Google Adds Improvements to Data Loss Prevention API


security red hero img

In a recent blog post on the Google Cloud Platform blog, Google announced several improvements to their Data Loss Prevention API, a service that can be used to manage sensitive user data.

The Data Loss Prevention (DLP) API, which was released as a beta this past March, can be used to detect and secure a variety of different types of personal data, including names, credit card numbers, and social security numbers, among others. This is done by analyzing the data using more than 50 predefined detectors that look for patterns, formats, checksums, etc. in order to determine if it contains personally identifiable information.

The DLP API offers built-in support for Google’s Cloud Storage, BigQuery, and Cloud Datastore platforms. Those who use third-party data storage services can also check to see if their data contains any potentially sensitive information by simply feeding it into the Data Loss Prevention API.

Some of the features that were recently added to the DLP API include:

Redaction and Suppression – This can be used to remove entire values or records from user data, which can be useful when it comes to keeping data out of the hands of those who don’t require access to it. In the case of a redaction or suppression, identifying data is removed or “covered up” so that users can’t see what the underlying data actually is. For example, the phone number “555-555-5555” may become “***-***-****” when redacted or may not be included at all if suppressed.

Partial Masking – For situations when one would like to hide part of a user’s data, partial masking can be employed. Some examples of this may include showing only the last four digits of a credit card or social security number or only showing the first few digits of a telephone number in order to maintain privacy, while still allowing some of the data to be shown. This could be useful for having users confirm that previously entered data is still correct, etc.

Tokenization and Secure Hashing – In situations where it’s necessary to maintain context without showing actual user data, tokenization and hashing can be useful. With this feature, one can still see what the data should look like or where it should be, but will not see the actual data itself as the values are encrypted (using either format-preserving encryption or hashing) to ensure the security of the data. With this feature, tokens are key-based and can be configured as either reversible or non-reversible, based on the preference of the DLP API user.

Dynamic Data Masking – When it comes to masking sensitive data in real time, while also maintaining the original data, dynamic data masking can be useful. This sort of data masking makes sense for live chat or streaming scenarios, where users may be asked to provide personal details so that a customer service representative can access their accounts. Organizations can configure who can see what data, depending on their specific needs.

Google’s Data Loss Prevention API also includes several other methods for securing user data, including bucketing, K-anonymity, and L-diversity, with a full list of data protection techniques being available on the “Documentation” section of the Data Loss Prevention API’s website.
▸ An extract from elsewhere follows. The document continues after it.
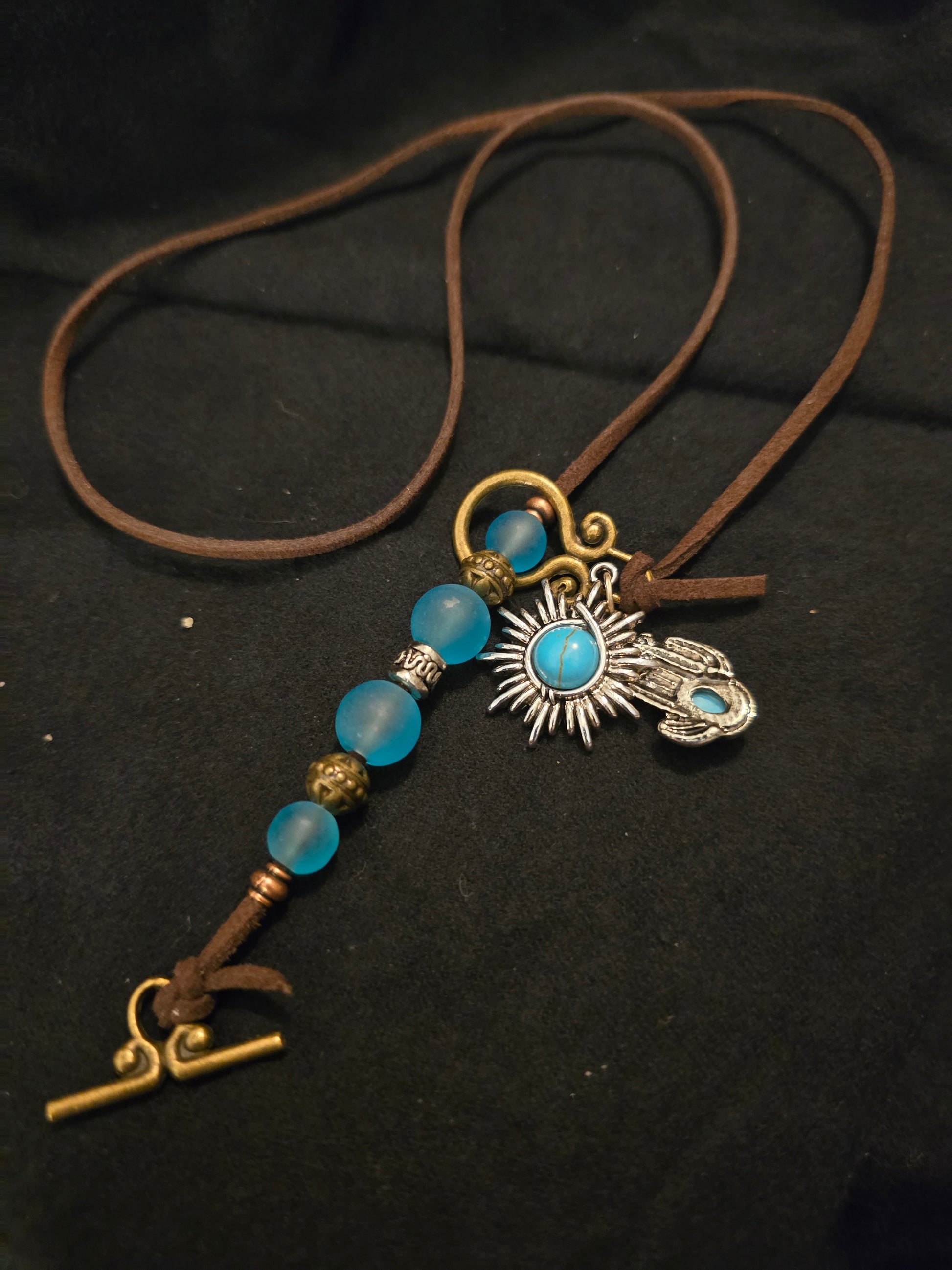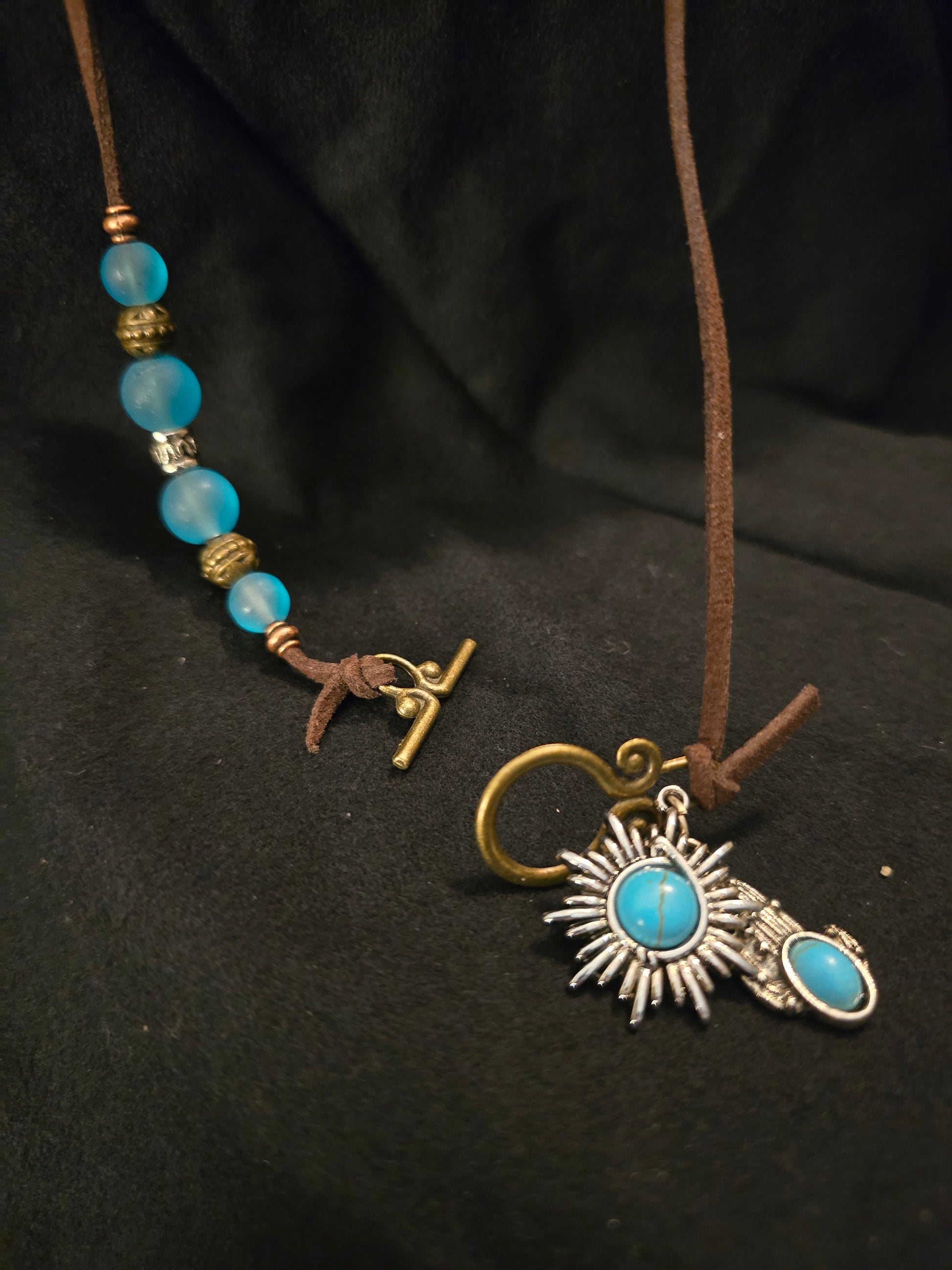 Introducing our new "Cactus and Sun" necklace, handcrafted with genuine suede cord. Embrace a unique western style and add a touch of earthy elegance to any outfit. Perfect for nature lovers and those seeking a bohemian twist!

With more and more services moving to the cloud, it’s becoming more important than ever for organizations to maintain the security of user and customer data, especially when it comes to personally identifiable information and other sensitive data like credit card and social security numbers. With a service like Google’s Data Loss Prevention API, organizations can rest a bit easier knowing that sensitive data can be obscured or even hidden altogether, which is something that can be invaluable in today’s world.